## Task prompt
Write out each record below exactly as it appears, with no pictures.

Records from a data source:
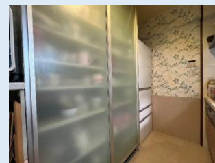
専用カップボード付き
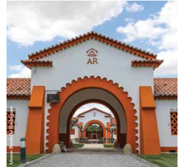
Vila Galé Collection Alter Real Hotel de 4 estrelas dedicado al Arte Ecuestre.
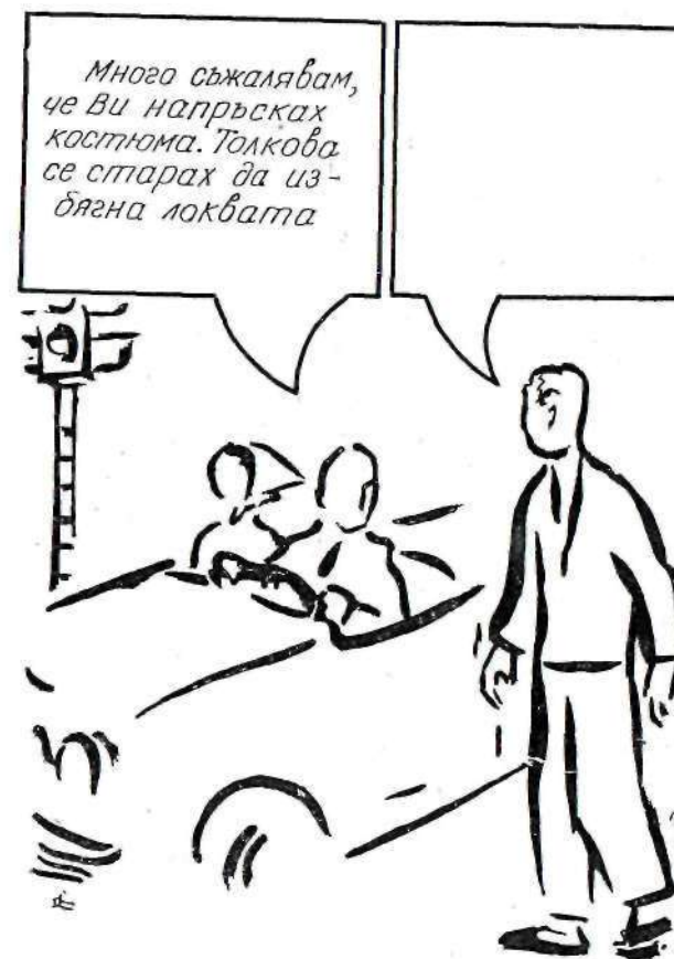
Картина от теста на Розенцвайг (1)

В категорията на проективните тестове трябва да се отбележи и друг широко използван метод — картините на Розенцвайг.
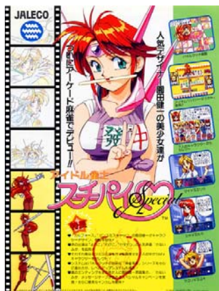
アイドル雀士 スーチーパイSpecial 1993年発売

アーケード版のデビュー作。7人のキャラクターから好みの1人を選び残りの6人および“真のボス”と対決する。
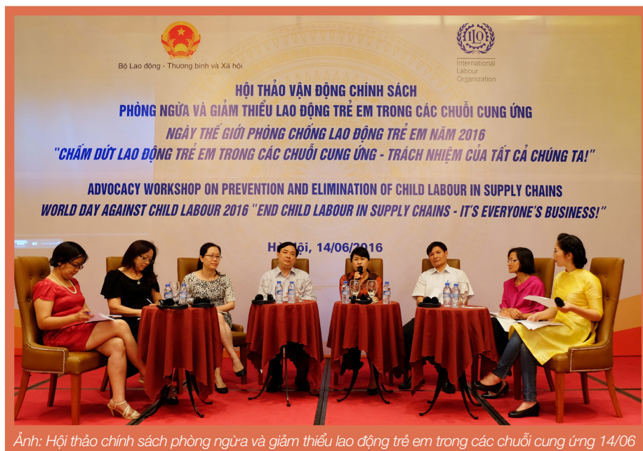
Ảnh: Hội thảo chính sách phòng ngừa và giảm thiểu lao động trẻ em trong các chuỗi cung ứng 14/06

Hơn 20 báo và tạp chí lớn đã đưa tin và bài về hội thảo vận động chính sách cũng như các câu chuyện và tin tức về vấn đề lao động trẻ em trong chuỗi cung ứng. Chương trình thời sự ngày 15 tháng 6 của Đài truyền hình Việt Nam cũng đã đưa tin về hội thảo cũng như về vấn đề lao động trẻ em trong các chuỗi cung ứng.

## Response for this exercise
専用カップボード付き
Vila Galé Collection Alter Real Hotel de 4 estrelas dedicado al Arte Ecuestre.
Картина от теста на Розенцвайг (1)

В категорията на проективните тестове трябва да се отбележи и друг широко използван метод — картините на Розенцвайг.
アイドル雀士 スーチーパイSpecial 1993年発売

アーケード版のデビュー作。7人のキャラクターから好みの1人を選び残りの6人および“真のボス”と対決する。
Ảnh: Hội thảo chính sách phòng ngừa và giảm thiểu lao động trẻ em trong các chuỗi cung ứng 14/06

Hơn 20 báo và tạp chí lớn đã đưa tin và bài về hội thảo vận động chính sách cũng như các câu chuyện và tin tức về vấn đề lao động trẻ em trong chuỗi cung ứng. Chương trình thời sự ngày 15 tháng 6 của Đài truyền hình Việt Nam cũng đã đưa tin về hội thảo cũng như về vấn đề lao động trẻ em trong các chuỗi cung ứng.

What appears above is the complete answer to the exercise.